At ten o'clock my good messenger
returned with the glad tidings that all was well.
The day before, when half the journey had been accomplished, John
Monaghan let go the rope by which he led the cow, and she had broken
away through the woods, and returned to her old master; and when
they again reached his place, night had set in, and they were
obliged to wait until the return of day. Moodie laughed heartily at
all my fears; but indeed I found them no joke.
Brian's eldest son, a lad of fourteen, was not exactly an idiot,
but what, in the old country, is very expressively termed by the
poor people a "natural." He could feed and assist himself, had been
taught imperfectly to read and write, and could go to and from the
town on errands, and carry a message from one farm-house to another;
but he was a strange, wayward creature, and evidently inherited, in
no small degree, his father's malady.
During the summer months he lived entirely in the woods, near his
father's dwelling, only returning to obtain food, which was
generally left for him in an outhouse. In the winter, driven home
by the severity of the weather, he would sit for days together
moping in the chimney-corner, without taking the least notice of
what was passing around him. Brian never mentioned this boy - who
had a strong, active figure; a handsome, but very inexpressive
face - without a deep sigh; and I feel certain that half his own
dejection was occasioned by the mental aberration of his child.
One day he sent the lad with a note to our house, to know if Moodie
would purchase the half of an ox that he was going to kill. There
happened to stand in the corner of the room an open wood box, into
which several bushels of fine apples had been thrown; and, while
Moodie was writing an answer to the note, the eyes of the idiot were
fastened, as if by some magnetic influence, upon the apples. Knowing
that Brian had a very fine orchard, I did not offer the boy any of
the fruit. When the note was finished, I handed it to him. The lad
grasped it mechanically, without removing his fixed gaze from the
apples.
"Give that to your father, Tom."
The boy answered not - his ears, his eyes, his whole soul, were
concentrated in the apples. Ten minutes elapsed, but he stood
motionless, like a pointer at dead set.
"My good boy, you can go."
He did not stir.
"Is there anything you want?"
"I want," said the lad, without moving his eyes from the objects of
his intense desire, and speaking in a slow, pointed manner, which
ought to have been heard to be fully appreciated, "I want ap-ples!"

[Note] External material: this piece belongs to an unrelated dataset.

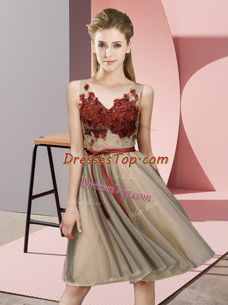Enchanting Champagne Tulle Lace Up Damas Dress Sleeveless Knee Length Appliques

"Oh, if that's all, take what you like."
The permission once obtained, the boy flung himself upon the box
with the rapacity of a hawk upon its prey, after being long poised
in the air, to fix its certain aim; thrusting his hands to the right
and left, in order to secure the finest specimens of the coveted
fruit, scarcely allowing himself time to breathe until he had filled
his old straw hat, and all his pockets, with apples.